In the first series, we discussed land values and aesthetics. In the second series, we discussed easements and habitat fragmentation. In the third series, we discussed the future of your land, and today, we will discuss usage of your land.
Owning your own land typically means you are in control of it. You can sell it, manage it, neglect it, graze it, hunt it, invite friends and restrict enemies from it. But the most important part of all if this is that you can USE IT as YOU see fit. If you want to run a prescribed burn on it, you can. If you want to bulldoze every tree on it, you can. If you want to protect it, you can. If you want to swim in the ponds or creek, you can. So you can use the ranch anytime and in any manner that YOU want to. This is a really important aspect of land ownership in Texas—you can use the ranch entirely based on your goals and objectives, whims or desires, if it doesn’t break any laws!
But when others have legal permission (easements, rights of way) to access your property and to construct permanent structures, your usage becomes far more limited. For example, if you have an oil or gas pipeline or an overhead transmission line on your property, you still own the land but you can no longer use it as you wish. You cannot build permanent structures such as a house, a fishing camp, a set of cattle pens or a barn across/ over/under those easements— your usage is now restricted. You cannot construct a lake that will back water up across those easements and you will be very limited burying waterlines or electric lines across them. Again, your usage becomes limited for the life of the easement, and those specific easements are typically multi-generational, meaning not only YOU cannot build across them, but neither can your children, grandchildren or great grandchildren--or any other potential buyer of that property for that matter. So easements and rights of ways restrict your usage on how you utilize your ranch, and it also prevents you from denying access to those that have permission to use it. Another example could include aircraft usage and an overhead transmission line. Let’s say you own a small airplane and have a landing strip on your ranch. If the overhead transmission line is placed in a manner that crosses, or immediately parallels that airstrip, your airplane days using that strip are now over. What if you use a helicopter to round up livestock, conduct aerial predation work, conduct game surveys or wildlife captures? The overhead transmission lines create a whole new challenge for the helicopter pilot that will obviously increase the danger factor, will likely force survey route alterations and will make their effective use more difficult.

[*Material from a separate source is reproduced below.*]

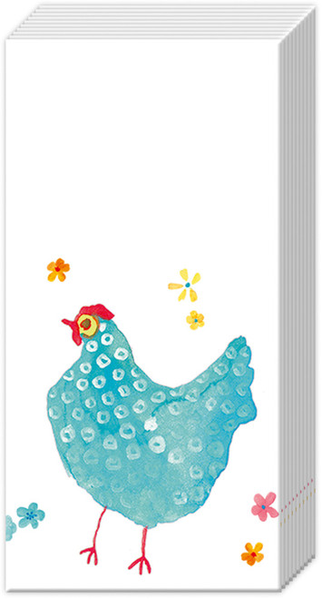 10 tissues per package featuring this cute Chicken designs on each. 2" W x 4" H folded, strong yet extra soft 4-ply tissues that can be used multiple times. Perfect size to carry in your pocket.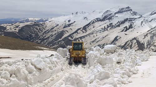 Hakkari'nin Yüksekova ve Şemdinli ilçelerinde, karla mücadele ekipleri nisan ayında da yolları açmaya çalışıyor.

Usage is hard to quantify if it is endless. It is much harder to quantify what a specific use is worth if it is permanently removed, like the inability to build permanent structures across the easement. What is that really worth to you and what COULD it be worth to your heirs or potential buyers years down the road? If you cannot easily cross water and electric lines across the easement that divides your property in half, for example, will the other half of the property have decreased value because it may lack reliable water and electric access into the future? According to the real estate industry, the answer is a huge yes and they have piles of data to support that claim. So when you lose usage of your property for one thing, there are oftentimes three or four other “downstream” impacts you have not yet realized that will also be impacted. And the easement payments will not pay you for those unrealized restrictions now in the future; you simply lose out with no compensation considerations.
Usage is huge and is hard to describe and even harder to put a price tag on once you begin that difficult process. If you are a landowner, you should not be thinking short term and about today but rather considering the long term, unknown impacts, and how your decisions today will permanently shape the future of that property forever more.